Work order:
Return the lines of the data below starting at the one holding "I will top off" and ending at the one holding "Après Orange en", word for word, leaving every picture out.

Source data:
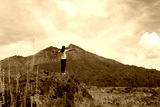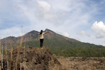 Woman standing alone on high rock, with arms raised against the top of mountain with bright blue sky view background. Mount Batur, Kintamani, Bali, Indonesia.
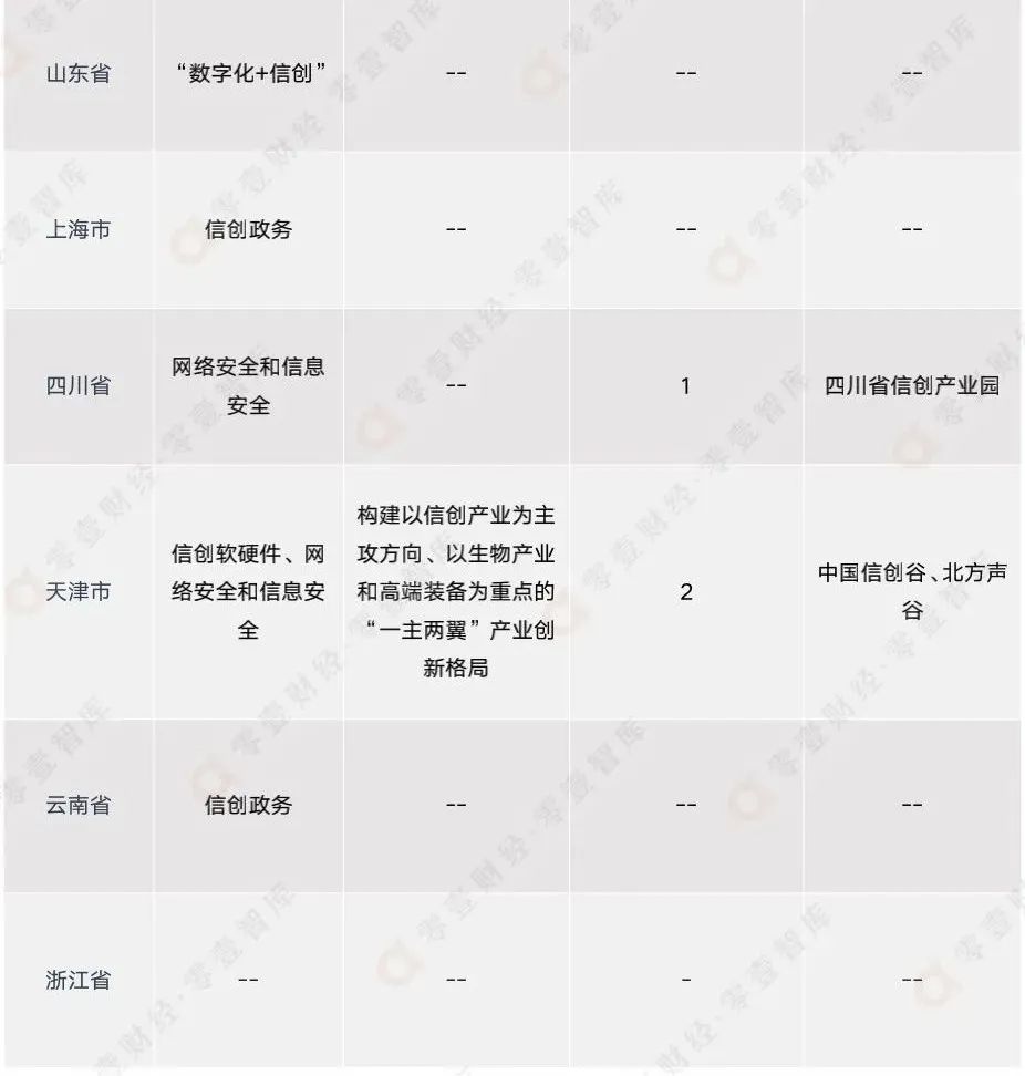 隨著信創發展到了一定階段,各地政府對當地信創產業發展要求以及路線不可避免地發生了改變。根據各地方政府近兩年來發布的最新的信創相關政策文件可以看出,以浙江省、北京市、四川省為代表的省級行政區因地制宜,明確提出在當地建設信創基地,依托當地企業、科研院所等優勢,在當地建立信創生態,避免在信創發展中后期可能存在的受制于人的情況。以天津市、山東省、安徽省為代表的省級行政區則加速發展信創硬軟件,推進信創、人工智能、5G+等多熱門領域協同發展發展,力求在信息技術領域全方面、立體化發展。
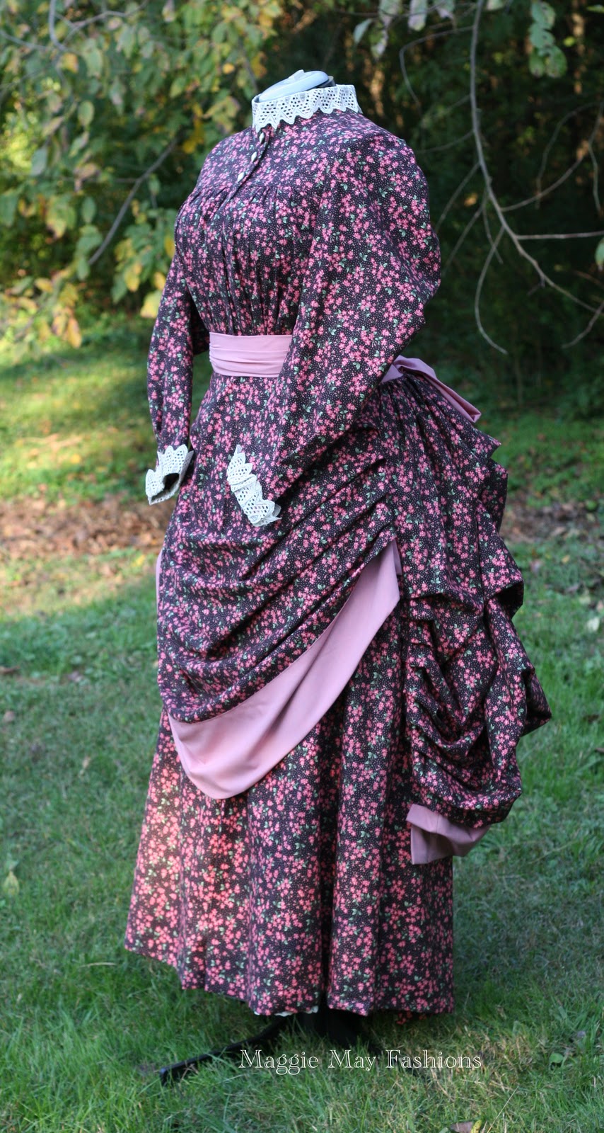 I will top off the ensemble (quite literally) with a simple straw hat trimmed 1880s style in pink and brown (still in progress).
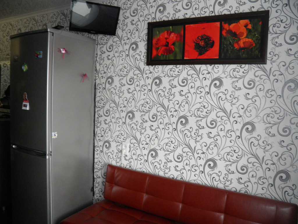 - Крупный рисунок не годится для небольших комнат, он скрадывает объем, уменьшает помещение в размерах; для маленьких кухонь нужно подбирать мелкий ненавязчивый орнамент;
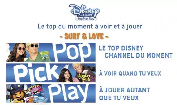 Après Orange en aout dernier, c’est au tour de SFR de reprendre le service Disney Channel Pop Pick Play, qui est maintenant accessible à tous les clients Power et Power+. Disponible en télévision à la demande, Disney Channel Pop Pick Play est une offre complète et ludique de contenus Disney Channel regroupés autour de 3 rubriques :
==
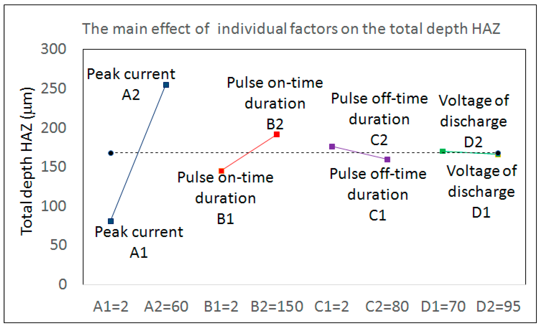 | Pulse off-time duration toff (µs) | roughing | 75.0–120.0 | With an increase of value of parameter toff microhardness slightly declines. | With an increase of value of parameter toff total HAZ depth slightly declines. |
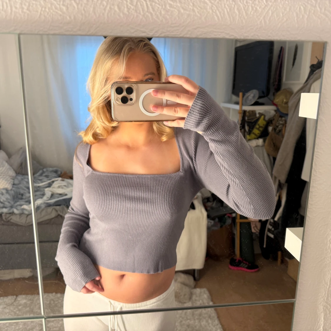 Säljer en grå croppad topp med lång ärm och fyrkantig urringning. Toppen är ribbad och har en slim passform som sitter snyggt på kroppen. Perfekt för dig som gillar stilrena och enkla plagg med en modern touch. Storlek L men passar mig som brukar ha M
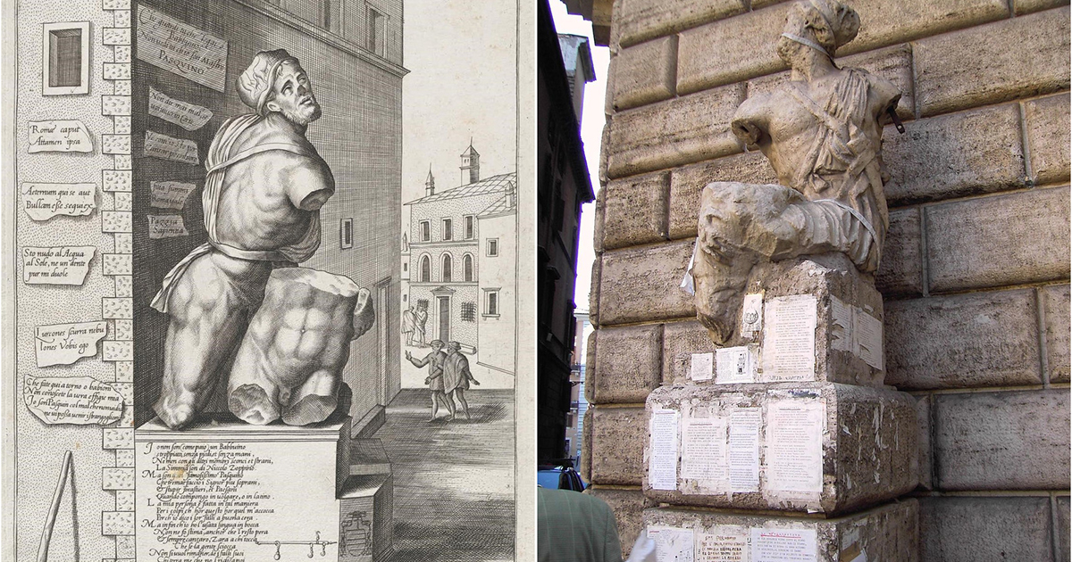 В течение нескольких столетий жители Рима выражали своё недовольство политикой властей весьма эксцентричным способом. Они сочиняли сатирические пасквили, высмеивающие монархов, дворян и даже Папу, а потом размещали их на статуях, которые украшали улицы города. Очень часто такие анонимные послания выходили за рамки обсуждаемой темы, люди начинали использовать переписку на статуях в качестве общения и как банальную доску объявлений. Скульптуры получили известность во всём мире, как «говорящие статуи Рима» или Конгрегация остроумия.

Response to this task:
 I will top off the ensemble (quite literally) with a simple straw hat trimmed 1880s style in pink and brown (still in progress).
 - Крупный рисунок не годится для небольших комнат, он скрадывает объем, уменьшает помещение в размерах; для маленьких кухонь нужно подбирать мелкий ненавязчивый орнамент;
 Après Orange en aout dernier, c’est au tour de SFR de reprendre le service Disney Channel Pop Pick Play, qui est maintenant accessible à tous les clients Power et Power+. Disponible en télévision à la demande, Disney Channel Pop Pick Play est une offre complète et ludique de contenus Disney Channel regroupés autour de 3 rubriques :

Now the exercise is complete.